Hungary has a pretty incredible tradition in pure mathematics, and the Renyi Institute is interesting to me for a couple reasons. First, I don't know that much about Hungarian science, and I figure mathematics is as good a place as any to start learning.

Second, Renyi runs a school for foreign students in mathematics, and I'm curious to understand why undergraduates come to it. I think I know the answer, but you'd think that mathematics, of all fields of inquiry, would be place-independent. After all, math is the same everywhere. It's all people standing in front of blackboards, or writing equations on pieces of paper. So why travel anywhere to do it? What's that about? Essentially, the school is a case study in brain circulation-- and conveniently for me, it's one in which Americans go abroad, rather than the other way around.
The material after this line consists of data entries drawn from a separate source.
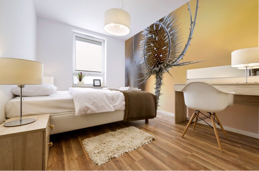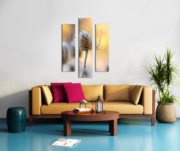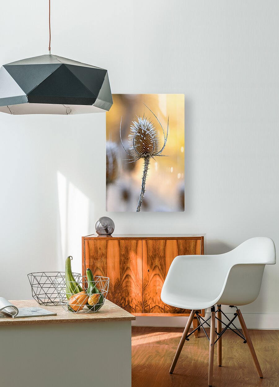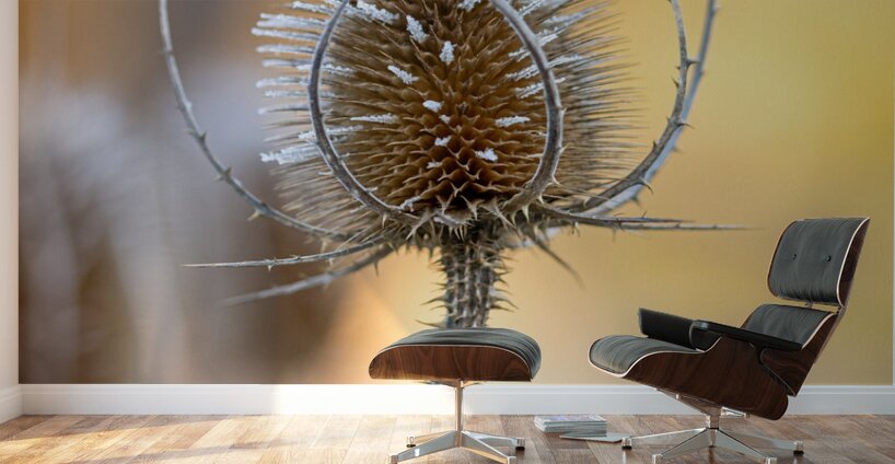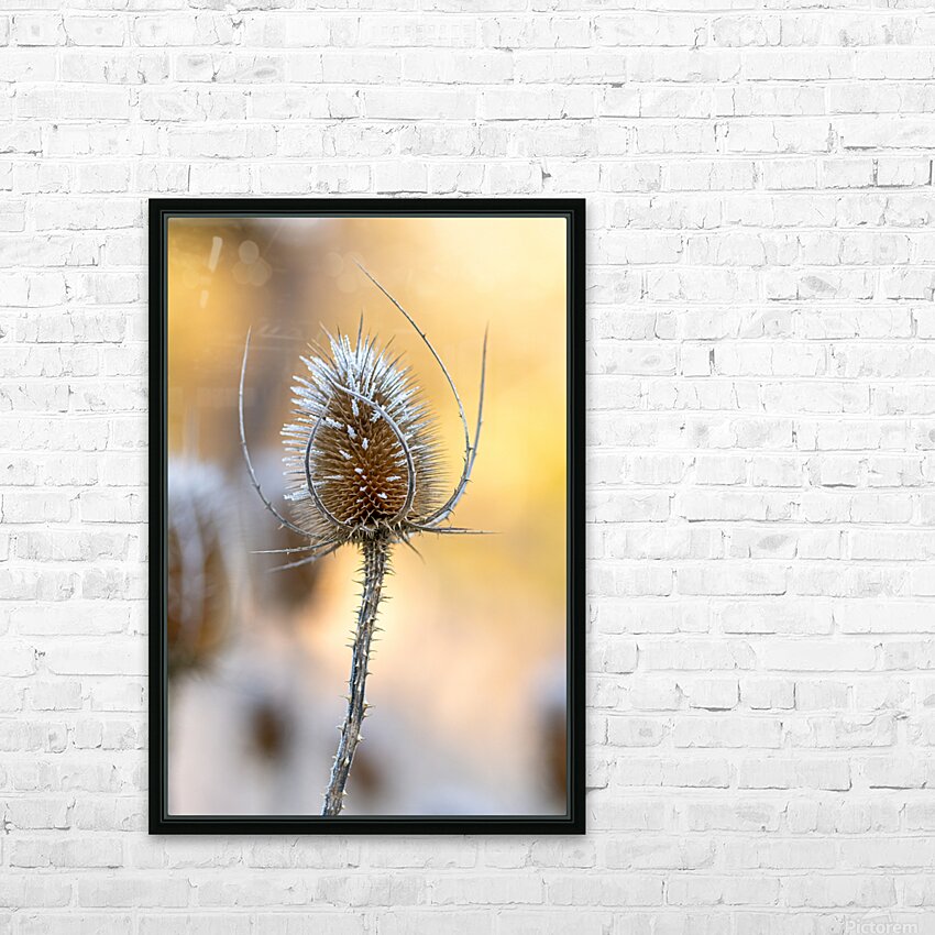 ABOUT THIS ARTWORK: CLOSEUP MACRO SHOT OF A THISTLE FLOWER COVERED BY BEAUTIFUL ICE CRYSTALS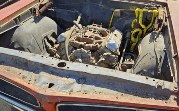 The three cars in this listing belonged to the seller’s deceased uncle. Said uncle likely bought the two LeMans (one a ’66 and the other a ’65 post-coupe) to source parts for the matching numbers GTO. The seller refers to the other two as “clones,” also having 389 engines, but as 4-barrels, not Tri. One has an automatic tranny while the second is also a 4-speed. One engine is sitting out while the other is simply perched in the bay.
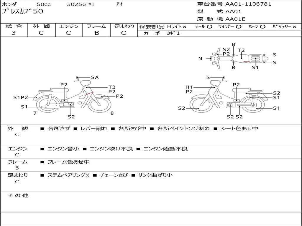 | Номер рамы / VIN | AA01-1106781 |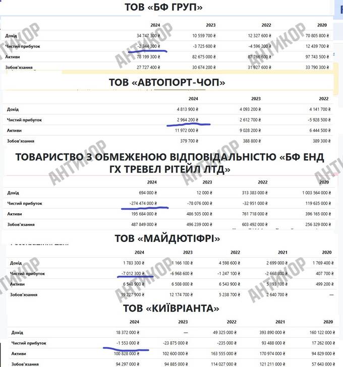Як бачите, до 2020 року вона демонструвала непоганий прибуток. А потім пішла у збитки. Розгадка тут проста – за рік до цього в Україні змінилася влада. І багаторічний партнер і покровитель Артура Гранца нардеп Андрій Іванчук (помер у 2023 році від серцевого нападу) втратив політичний вплив. Хоча обидва заперечували участь політика у бізнесі, вона підтверджується фактами, що лежать на поверхні: помічник Андрія Іванчука Юрій Грищенко досі є керівником ТОВ «БФ Груп» та ТОВ «Уяви!», які належать Артуру Гранцу.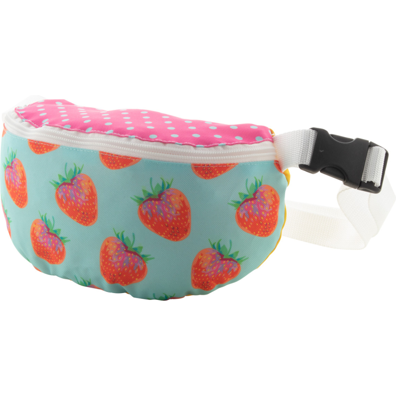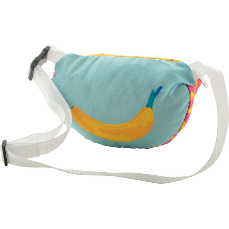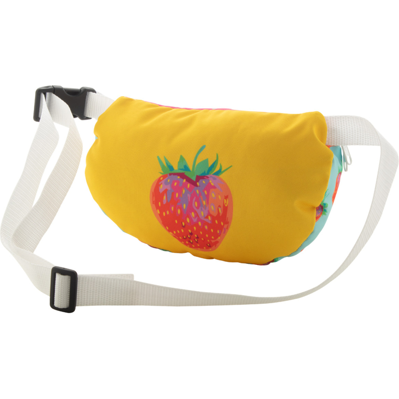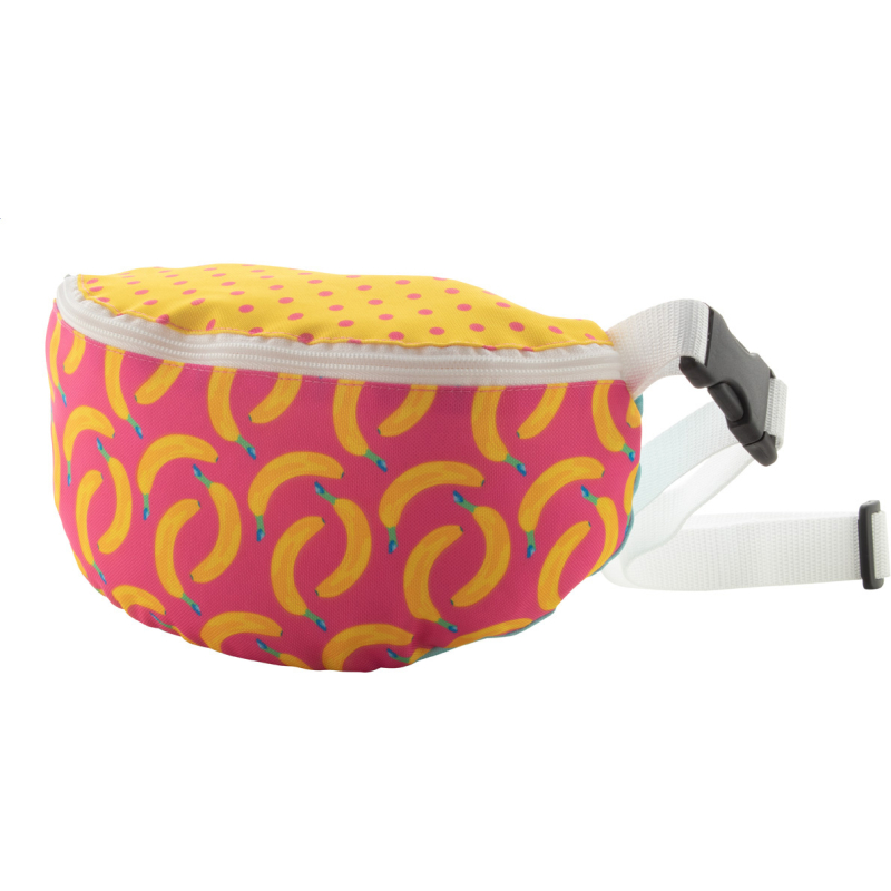 Sac banane sur mesure avec compartiment zippé, polyester 600D RPET. Impression en sublimation sur toute la surface. Labélisé RPET. Quantité minimale : 50 pièces.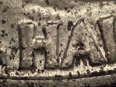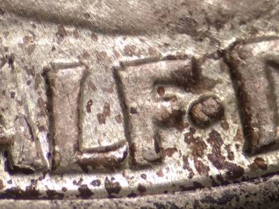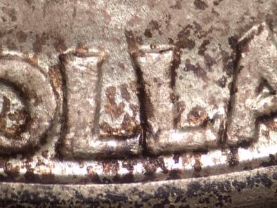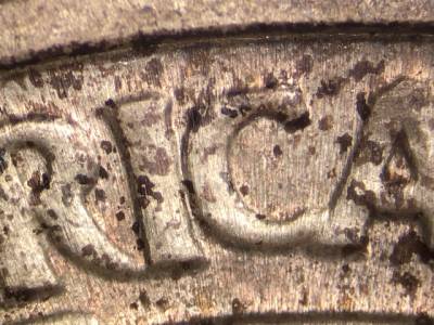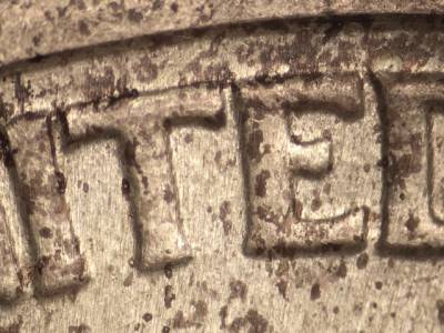 Obverse: Die scratch extends SW from the E in WE.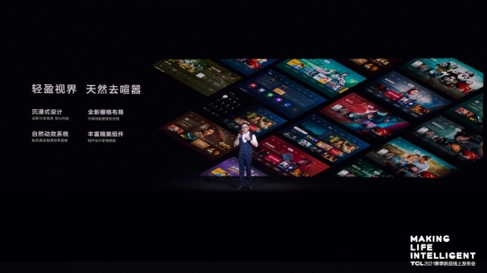 為了解決電視信息冗余、功能單調、操作單一等問題,TCL C12 量子點 Mini LED 智屏搭載了全新的UI5.0。在設計上 UI5.0 堅持 UI 服務于內容,交互服務于體驗。全新 UI 5.0 采用沉浸式設計,將內容本身作為全屏背景,去除冗余的信息和符號,讓用戶聚焦于核心內容,給予用戶更為輕松極致的場景體驗。
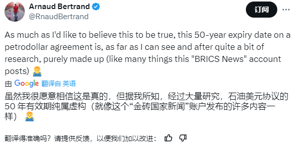英国企业家Arnaud Bertrand在X平台上也表示,“虽然我很愿意相信这是真的,但据我所知,经过大量研究,石油美元协议的50年有效期纯属虚构(就像这个”BRICS News“账户发布的许多内容一样) ”。
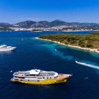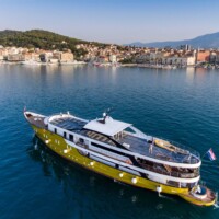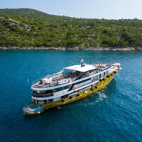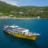 Launched in 2017, the MS Arca is a modern vessel designed for cruising along Croatian coast. The ship’s distinctive yellow hull makes it easily recognizable, ensuring it stands out wherever it sails. With 19 spacious cabins spread across two decks, each equipped with essential amenities like air conditioning, comfortable bedding, and private bathrooms, passenger comfort is a top priority.

So this morning I checked the directions on the Web site, got out my map of Budapest (99% of the time the free maps you can pick up at tourist information desks or in hotel lobbies are good enough for my purposes), and spent a sleepy minute looking around for it. Turns out it's about 3 minutes' walk from here.

So I've got a little more time to shower and get some breakfast than I expected, which is cool. I'm pretty smoky, and didn't shower last night, as I got back from Tandem around midnight and was working on my end of cyberspace talk.

I'm now really excited about the talk, by the way. It's not all the time you get to come up with a new way of explaining a subject you've been working on for a couple years, but I think I've done it, and that's very satisfying. I'm going to get at least a chapter section out of it, plus an article in the conference proceedings. Mmmmm, c.v. lines...

[To the tune of Sarah Shannon, "I'll Run Away," from the album "Sarah Shannon".]